Information shown ::

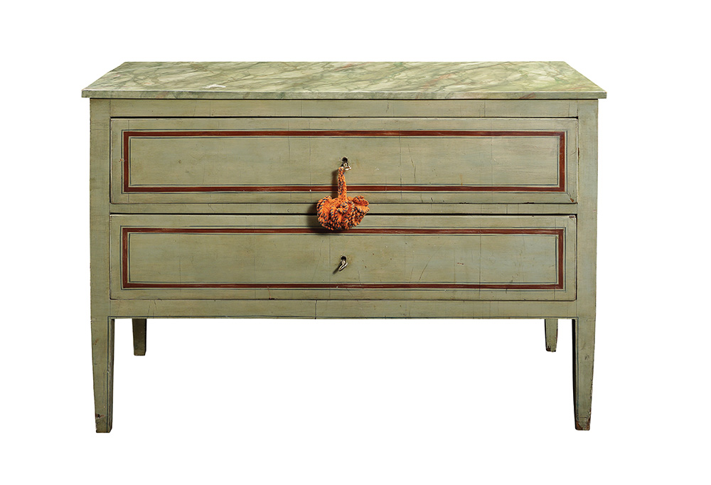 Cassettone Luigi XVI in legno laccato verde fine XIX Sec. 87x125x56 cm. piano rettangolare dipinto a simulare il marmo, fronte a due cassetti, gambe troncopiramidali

* * *

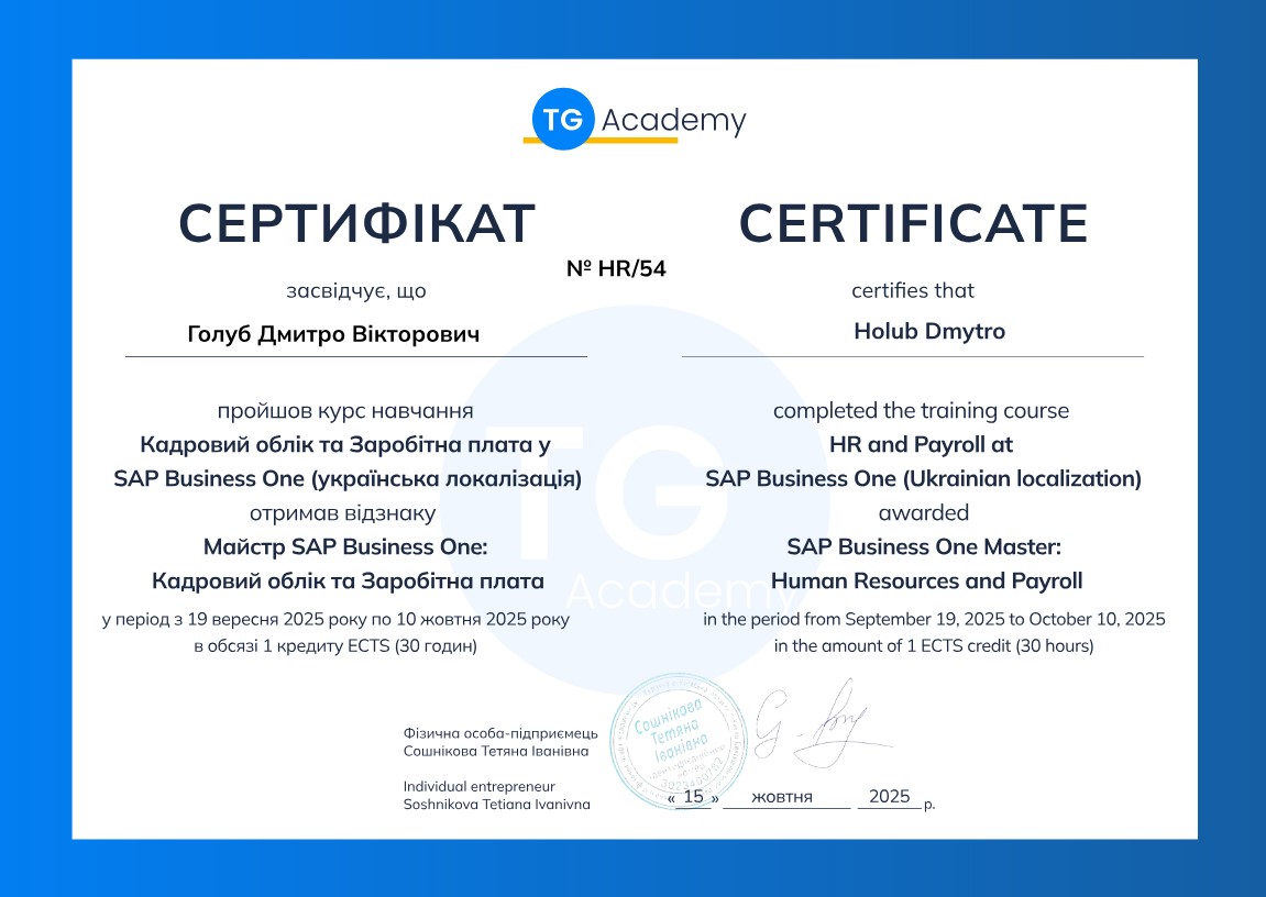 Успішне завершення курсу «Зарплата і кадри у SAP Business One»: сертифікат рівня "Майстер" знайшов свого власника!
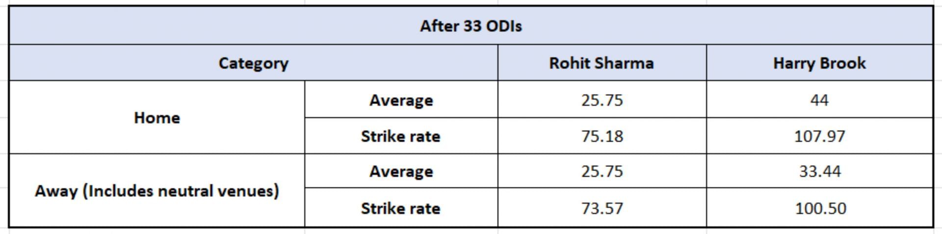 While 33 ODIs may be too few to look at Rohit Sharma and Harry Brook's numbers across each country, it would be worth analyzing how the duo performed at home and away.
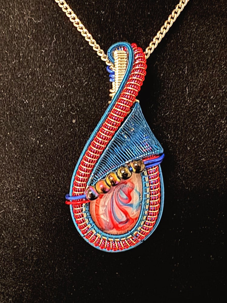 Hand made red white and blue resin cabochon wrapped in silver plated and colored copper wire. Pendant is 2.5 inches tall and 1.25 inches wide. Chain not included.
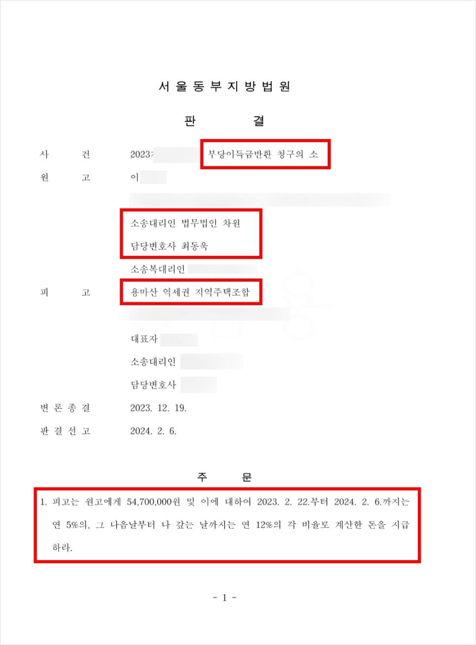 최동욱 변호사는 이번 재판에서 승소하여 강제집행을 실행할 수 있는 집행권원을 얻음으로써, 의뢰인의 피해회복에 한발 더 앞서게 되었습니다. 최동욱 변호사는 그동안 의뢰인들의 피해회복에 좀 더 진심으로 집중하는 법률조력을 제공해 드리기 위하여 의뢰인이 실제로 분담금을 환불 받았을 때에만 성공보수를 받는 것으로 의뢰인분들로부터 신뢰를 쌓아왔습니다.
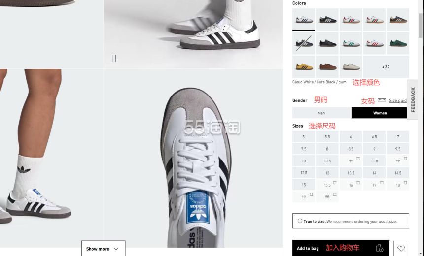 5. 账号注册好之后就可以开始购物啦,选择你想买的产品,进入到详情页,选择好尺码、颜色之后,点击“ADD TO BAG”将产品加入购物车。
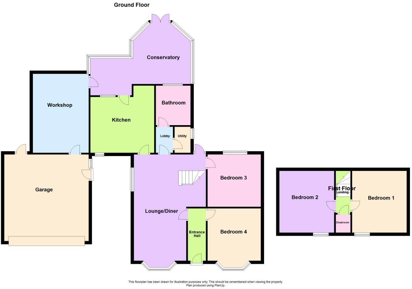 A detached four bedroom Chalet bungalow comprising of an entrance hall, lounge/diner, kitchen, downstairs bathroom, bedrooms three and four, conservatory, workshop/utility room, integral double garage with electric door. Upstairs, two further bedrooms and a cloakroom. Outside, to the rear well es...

==

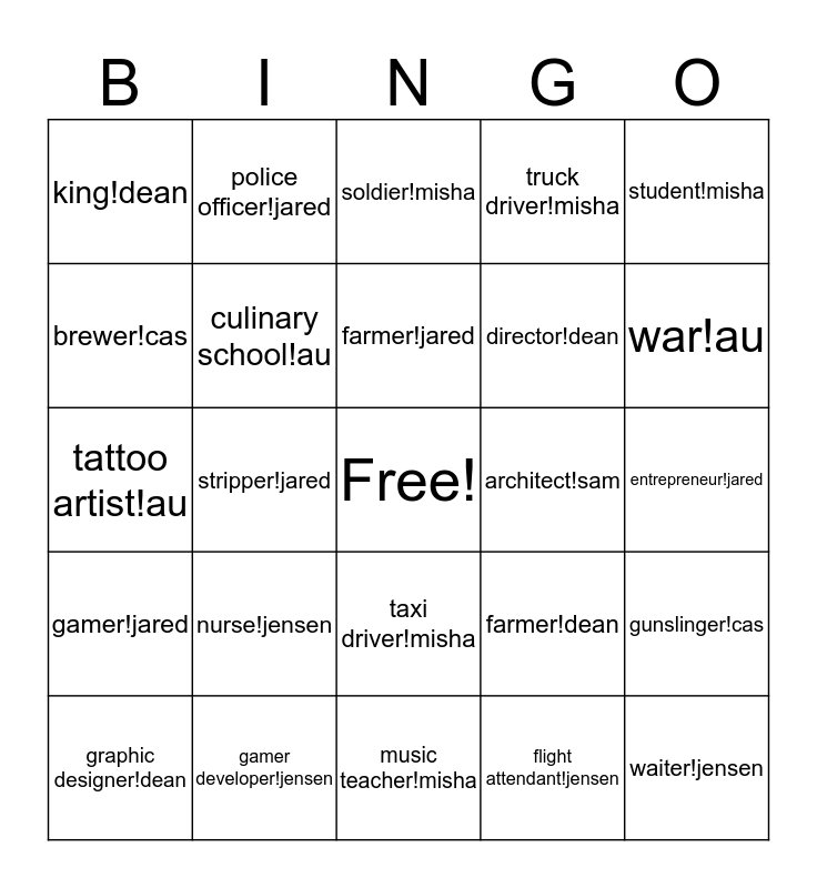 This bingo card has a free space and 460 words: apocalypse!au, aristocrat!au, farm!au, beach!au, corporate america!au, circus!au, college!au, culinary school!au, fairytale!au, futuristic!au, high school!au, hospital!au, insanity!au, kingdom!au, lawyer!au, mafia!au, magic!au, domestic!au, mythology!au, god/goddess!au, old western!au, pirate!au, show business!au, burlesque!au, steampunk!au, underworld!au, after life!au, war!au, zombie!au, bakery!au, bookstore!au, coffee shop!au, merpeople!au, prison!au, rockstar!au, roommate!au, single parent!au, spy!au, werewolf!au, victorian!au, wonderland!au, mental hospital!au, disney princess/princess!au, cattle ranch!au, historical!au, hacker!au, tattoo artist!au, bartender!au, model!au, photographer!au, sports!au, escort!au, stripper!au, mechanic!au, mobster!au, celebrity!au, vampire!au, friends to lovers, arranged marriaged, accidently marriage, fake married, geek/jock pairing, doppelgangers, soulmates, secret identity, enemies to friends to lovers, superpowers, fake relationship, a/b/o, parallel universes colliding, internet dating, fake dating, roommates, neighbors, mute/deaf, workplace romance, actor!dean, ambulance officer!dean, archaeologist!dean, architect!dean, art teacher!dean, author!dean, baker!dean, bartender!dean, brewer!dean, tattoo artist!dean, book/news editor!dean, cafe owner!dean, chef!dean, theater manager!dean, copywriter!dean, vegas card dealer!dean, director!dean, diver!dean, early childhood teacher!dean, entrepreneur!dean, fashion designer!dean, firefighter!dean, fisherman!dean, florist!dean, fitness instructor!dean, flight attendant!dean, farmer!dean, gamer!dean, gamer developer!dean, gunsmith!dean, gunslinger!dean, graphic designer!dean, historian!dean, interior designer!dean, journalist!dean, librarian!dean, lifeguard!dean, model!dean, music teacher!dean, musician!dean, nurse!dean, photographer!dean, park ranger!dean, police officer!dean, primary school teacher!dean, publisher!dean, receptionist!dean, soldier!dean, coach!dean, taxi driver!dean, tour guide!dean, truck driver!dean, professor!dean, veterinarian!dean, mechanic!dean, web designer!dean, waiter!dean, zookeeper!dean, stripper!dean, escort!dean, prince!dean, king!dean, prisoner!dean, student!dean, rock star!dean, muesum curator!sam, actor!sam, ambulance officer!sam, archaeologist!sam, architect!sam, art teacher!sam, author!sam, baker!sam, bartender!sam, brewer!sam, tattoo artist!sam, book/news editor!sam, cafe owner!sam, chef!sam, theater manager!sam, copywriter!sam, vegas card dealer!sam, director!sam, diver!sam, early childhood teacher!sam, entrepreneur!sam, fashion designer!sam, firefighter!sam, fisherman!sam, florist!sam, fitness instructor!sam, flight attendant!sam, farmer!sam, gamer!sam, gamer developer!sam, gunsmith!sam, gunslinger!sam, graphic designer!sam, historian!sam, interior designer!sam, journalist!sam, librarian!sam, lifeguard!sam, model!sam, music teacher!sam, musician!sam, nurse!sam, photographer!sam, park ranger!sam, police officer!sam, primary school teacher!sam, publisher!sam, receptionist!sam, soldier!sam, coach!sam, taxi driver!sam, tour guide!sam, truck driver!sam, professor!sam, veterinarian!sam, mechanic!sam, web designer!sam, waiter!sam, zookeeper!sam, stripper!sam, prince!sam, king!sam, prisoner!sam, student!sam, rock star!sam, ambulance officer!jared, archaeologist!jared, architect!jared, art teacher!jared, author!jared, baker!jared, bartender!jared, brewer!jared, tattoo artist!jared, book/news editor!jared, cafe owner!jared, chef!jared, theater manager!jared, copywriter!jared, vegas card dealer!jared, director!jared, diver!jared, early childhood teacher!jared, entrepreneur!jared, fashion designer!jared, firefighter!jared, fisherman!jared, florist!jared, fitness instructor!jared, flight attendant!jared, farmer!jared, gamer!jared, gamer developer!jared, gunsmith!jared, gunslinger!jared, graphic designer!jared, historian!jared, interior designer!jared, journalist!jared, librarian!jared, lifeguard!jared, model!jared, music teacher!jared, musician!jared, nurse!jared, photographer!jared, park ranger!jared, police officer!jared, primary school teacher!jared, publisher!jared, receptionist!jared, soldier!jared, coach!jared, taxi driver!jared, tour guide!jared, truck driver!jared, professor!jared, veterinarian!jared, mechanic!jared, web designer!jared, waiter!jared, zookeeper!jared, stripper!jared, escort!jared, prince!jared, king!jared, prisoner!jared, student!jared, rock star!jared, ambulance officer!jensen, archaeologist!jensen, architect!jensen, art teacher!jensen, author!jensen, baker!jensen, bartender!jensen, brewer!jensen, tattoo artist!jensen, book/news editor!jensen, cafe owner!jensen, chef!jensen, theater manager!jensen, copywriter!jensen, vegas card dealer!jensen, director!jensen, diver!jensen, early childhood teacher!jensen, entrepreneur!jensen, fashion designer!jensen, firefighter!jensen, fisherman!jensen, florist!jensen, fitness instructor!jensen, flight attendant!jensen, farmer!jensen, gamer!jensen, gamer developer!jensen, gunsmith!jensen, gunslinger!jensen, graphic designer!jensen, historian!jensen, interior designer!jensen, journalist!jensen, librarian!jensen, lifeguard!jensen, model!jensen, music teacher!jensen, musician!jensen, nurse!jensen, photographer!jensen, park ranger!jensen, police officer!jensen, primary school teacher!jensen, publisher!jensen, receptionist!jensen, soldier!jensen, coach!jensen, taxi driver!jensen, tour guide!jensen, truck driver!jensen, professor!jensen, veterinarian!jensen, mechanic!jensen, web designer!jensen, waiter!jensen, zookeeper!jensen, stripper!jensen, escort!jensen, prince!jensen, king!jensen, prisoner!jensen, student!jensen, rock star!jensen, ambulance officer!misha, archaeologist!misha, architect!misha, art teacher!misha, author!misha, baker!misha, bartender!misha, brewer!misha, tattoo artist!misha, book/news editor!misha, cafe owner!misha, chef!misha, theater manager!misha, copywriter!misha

What you need to do ::
Could the stretch from the line with "Hand made red" through the line with "A detached four" in the listing above be restated word for word, minus the pictures?

Written reply ::
 Hand made red white and blue resin cabochon wrapped in silver plated and colored copper wire. Pendant is 2.5 inches tall and 1.25 inches wide. Chain not included.
 최동욱 변호사는 이번 재판에서 승소하여 강제집행을 실행할 수 있는 집행권원을 얻음으로써, 의뢰인의 피해회복에 한발 더 앞서게 되었습니다. 최동욱 변호사는 그동안 의뢰인들의 피해회복에 좀 더 진심으로 집중하는 법률조력을 제공해 드리기 위하여 의뢰인이 실제로 분담금을 환불 받았을 때에만 성공보수를 받는 것으로 의뢰인분들로부터 신뢰를 쌓아왔습니다.
 5. 账号注册好之后就可以开始购物啦,选择你想买的产品,进入到详情页,选择好尺码、颜色之后,点击“ADD TO BAG”将产品加入购物车。
 A detached four bedroom Chalet bungalow comprising of an entrance hall, lounge/diner, kitchen, downstairs bathroom, bedrooms three and four, conservatory, workshop/utility room, integral double garage with electric door. Upstairs, two further bedrooms and a cloakroom. Outside, to the rear well es...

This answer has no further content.